Alzheimer’s & Hearing Loss: How Are They Related?

June is National Alzheimer’s Awareness Month. Each year, people across the country join together to spread awareness about this degenerative brain disease that influences memory and other cognitive abilities. What you might not know is Alzheimer’s is connected to something that affects 48 million Americans-hearing loss.

We don’t hear with our ears, we actually “hear” with our brains. This means if you have a hearing loss, the connections and areas of the brain that are associated with sound reorganize themselves. Because of that, research says, untreated hearing loss is linked to memory impairment and deteriorating cognitive function. Your hearing health is extremely important for your cognitive health.

A study done at the University of Colorado’s Department of Speech Language and Hearing Science analyzed neuroplasticity (the brain’s ability to form and reorganize synaptic connections in response to learning or experiences) and how it affects the brain as we age. Through their research, they discovered how the brain will rewire itself after a loss – incredible, but very detrimental to cognitive function.

Dr. Arthur Wingfield, a professor of neuroscience at Brandeis University, is also researching this topic. Through his recent study, he discovered that those with mild-to-moderate hearing loss had poor performances on cognitive tests compared to those who did not have hearing loss.

Volunteers with hearing loss repeated cognition tests over a span of six years at Johns Hopkins. Their cognitive abilities actually declined 30%-40% faster than those whose hearing was “normal.”
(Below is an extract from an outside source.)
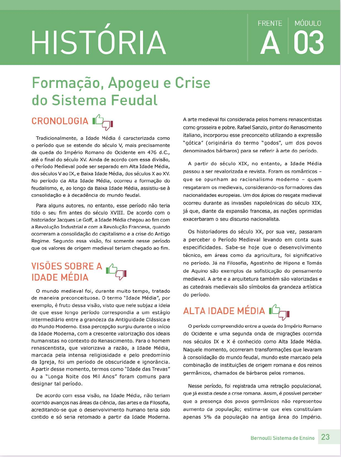 FRENTE MÓDULO HISTÓRIA A 03 Formação, Apogeu e Crise do Sistema Feudal CRONOLOGIA A arte medieval foi considerada pelos homens renascentistas como grosseira e pobre. Rafael Sanzio, pintor do Renascimento italiano, incorporou esse preconceito utilizando a expressão Tradicionalmente, a Idade Média é caracterizada como o período que se estende do século V, mais precisamente "gótica" (originária do termo "godos", um dos povos da queda do Império Romano do Ocidente em 476 d.C., denominados bárbaros) para se referir à arte do período. até o final do século XV. Ainda de acordo com essa divisão, A partir do século XIX, no entanto, a Idade Média o Período Medieval pode ser separado em Alta Idade Média, dos séculos V ao IX, e Baixa Idade Média, dos séculos X ao XV. passou a ser revalorizada e revista. Foram os românticos No período da Alta Idade Média, ocorreu a formação do que se opunham ao racionalismo moderno quem feudalismo, e, ao longo da Baixa Idade Média, assistiu-se à resgataram os medievais, considerando-os formadores das consolidação e à decadência do mundo feudal. nacionalidades europeias. Um dos ápices do resgate medieval Para alguns autores, no entanto, esse período não teria ocorreu durante as invasões napoleônicas do século XIX, tido o seu fim antes do século XVIII. De acordo com o já que, diante da expansão francesa, as nações oprimidas historiador Jacques Le Goff, a Idade Média chegou ao fim com exacerbaram o seu discurso nacionalista. a Revolução Industrial e com a Revolução Francesa, quando ocorreram a consolidação do capitalismo e a crise do Antigo Os historiadores do século XX, por sua vez, passaram Regime. Segundo essa visão, foi somente nesse período a perceber o Período Medieval levando em conta suas que os valores de origem medieval teriam chegado ao fim. especificidades. Sabe-se hoje que o desenvolvimento técnico, em áreas como da agricultura, foi significativo SOBRE A no período. Já na Filosofia, Agostinho de Hipona e Tomás de Aquino são exemplos da sofisticação do pensamento IDADE MÉDIA medieval. A arte e a arquitetura também são valorizadas e as catedrais medievais são símbolos da grandeza artística o mundo medieval foi, durante muito tempo, tratado do período. de maneira preconceituosa. o termo "Idade Média", por exemplo, é fruto dessa visão, visto que nele subjaz a ideia de que esse longo período correspondia a um estágio ALTAIDADE MÉDIA intermediário entre a grandeza da Antiguidade Clássica e do Mundo Moderno. Essa percepção surgiu durante início o período compreendido entre a queda do Império Romano da Idade Moderna, com a crescente valorização dos ideais do Ocidente e uma segunda onda de migrações ocorrida humanistas no contexto do Renascimento. Para o homem nos séculos IX e X é conhecido como Alta Idade Média. renascentista, que valorizava a razão, a Idade Média, Naquele momento, ocorreram transformações que levaram marcada pela intensa religiosidade e pelo predomínio à consolidação do mundo feudal, mundo este marcado pela da Igreja, foi um período de obscuridade e ignorância. combinação de instituições de origem romana e dos reinos A partir desse momento, termos como "Idade das Trevas" germânicos, chamados de bárbaros pelos romanos. ou a "Longa Noite dos Mil Anos" foram comuns para designar tal período. Nesse período, foi registrada uma retração populacional, De acordo com essa visão, na Idade Média, não teriam que já existia desde a crise romana. Assim, é possível perceben ocorrido avanços nas áreas da ciência, das artes e da Filosofia, que a presença dos povos germânicos não representou acreditando-se que o desenvolvimento humano teria sido aumento da população; estima-se que eles constituíam contido e só seria retomado a partir da Idade Moderna. apenas 5% da população na antiga área do Império. Bernoulli Sistema de Ensino 23Frente A Módulo 03 Concomitantemente a esse processo, o êxodo urbano se Após a morte de Clóvis, as disputas entre os merovíngios manteve, o que não significa que a vida urbana tenha levaram ao enfraquecimento da dinastia e à ascensão sido completamente abandonada. É importante ressaltar, dos carolíngios. Essa dinastia se iniciou com Carlos Martel ainda, que, paradoxalmente, a ruralização europeia (686-741), que conteve a expansão em direção à não acarretou uma prosperidade produtiva, já que a Europa Central ao derrotá-los na Batalha de Poitiers em 732. Alta Idade Média foi marcada pela expansão da fome e o auge desta dinastia, no entanto, deu-se com Carlos Magno das epidemias. (742-814) que, durante o período em que esteve no poder, contando com apoio da Igreja e com um reinado de grande Os povos germânicos formaram uma série de reinos na vigor pessoal, conseguiu manter extensos domínios unificados Europa Ocidental. o antigo Império havia se fragmentado, e conquistar novas áreas. Assim, enquanto nos demais reinos dando origem às chamadas monarquias germânicas, como predominavam a fragmentação e a instabilidade política, demonstrado no mapa a seguir: Império Carolíngio desfrutava de relativa unidade. o mapa a seguir demonstra a extensão do Império. Os reinos bárbaros no século VI Império Carolíngio N Jutas A Celtas N Frisões Bretões Saxões A Mar do OCEANO Eslavos Norte Bretões Paris Hunos Lombardos Gépidas Saxônia Ponto Euxino Aachen Roma Armênios Australásia Baviera Nêustria Atenas OCEANO Carintia Cartago Mouros Berberes Borgonha Mar Lombardia Aquitânia Alexandria 0 601 km Roma Reinos anglo-saxônicos Reino dos ostrogodos Demais povos Zona Reino dos visigodos Reino dos vândalos germânicos espanhola Territórios herdados Reino dos francos Império Romano do Oriente por Carlos Magno, 771 Territórios conquistados Reino dos suevos Reino dos por Carlos Magno 319 km Mar Mediterrâneo A expansão do Império Carolíngio acarretou fortalecimento 0 reino dos francos

So, when hearing loss occurs, other areas of your brain, such as the areas assisting sight or touch, will take over the part that normally processes hearing. It’s called “cross-modal cortical reorganization,” which means the brain has a tendency to compensate for sense loss. The brain basically rewires itself after a loss.

Since your brain rewires itself and the parts that are necessary for higher level thinking compensate for the loss of hearing, it takes away from your ability to retain information. This potentially could lead to dementia, as well as a higher risk of Alzheimer’s earlier in life. Even a mild hearing loss can significantly increase your chances of Alzheimer’s and dementia.

Treating hearing loss is one way you can take action against Alzheimer’s. Hearing devices have been proven to effectively help with varying levels of hearing loss, from mild to profound. Utilizing this technology not only helps you hear better, but helps your brain work better too.